テクナノジー企業の中では、Googleが2025年二月に多様性採用目標を撤廃し、DEI関連プログラムの見直しを進めている。GoogleのCEOサンダー・ピチャイ氏は「代表性のある労働力を構築することを信じている」としつつ、「法的要件に従う必要がある」と説明した。これにより、DEIの枠組を維持しつつも、法規制に対応した形での運用が求められている。
一部の企業では、DEIという言葉が政治的に敏感な用語となったことから、「学習」「採用」などの別名を使うことで問題を回避している。広告代理店「Paradigm」のCEOジョエル・エマーソン氏は、顧客企業に対し「具体的な目標を明確にすることが重要だ」とアドバイスしている。

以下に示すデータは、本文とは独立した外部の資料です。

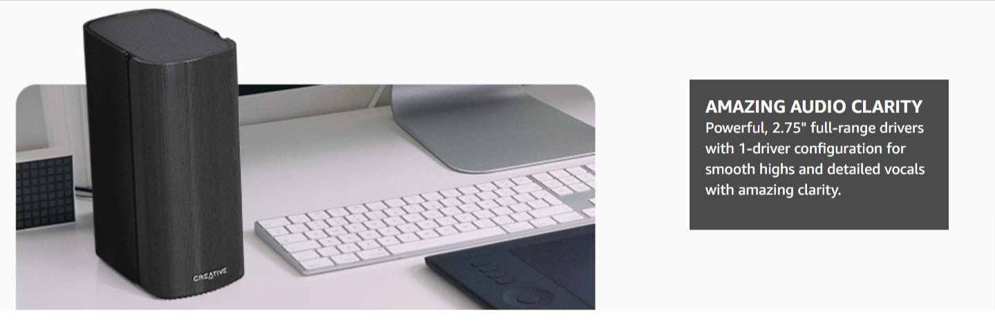 Consider this your well-deserved step-up from your computer and laptop audio. We’ve spent countless man (and ear) hours on its acoustics profile to achieve a wide and lifelike soundstage with an incredible depth that goes beyond the actual speakers.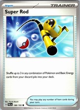 Super Rod has been printed 6 times across different sets. The variant you're looking at (#188 in Paldea Evolved) is one of them - see every other printing further down to compare art, rarity, and current market price across all versions.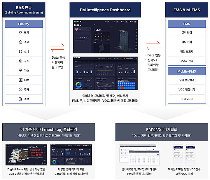 1) 융합보안 플랫폼을 기반으로 한 컨설팅, 솔루션 구축/운영/관제 등을 산업안전보안,시설관리에 적용하는 통합서비스.

背景には、2023年の最高裁判所がハーバード大学のアファーマティブアクションを違憲と判断したことがある。この判決を受け、企業の採用方針にも見直しが求められている。さらに、トランプ政権は1月、政府のDEIプログラム廃止を指示し、50社以上の企業に対し「DEI規制違反」として調査を開始している。
一方、DEIプロブラム自体は以前として企業や労働者の支持を受けている。ピュー研究所の調査によれば、86%の労働者が職場の多様性や公平性向上に肯定的意見を持っているという。企業はリスクを考慮しつつも、持続可能な取り組みとしてDEIをつづける方向を模索している。
専門家は「DEIという言葉が問題視される中で、その本質である『平等な機会の提供』を忘れてはならないと強調している。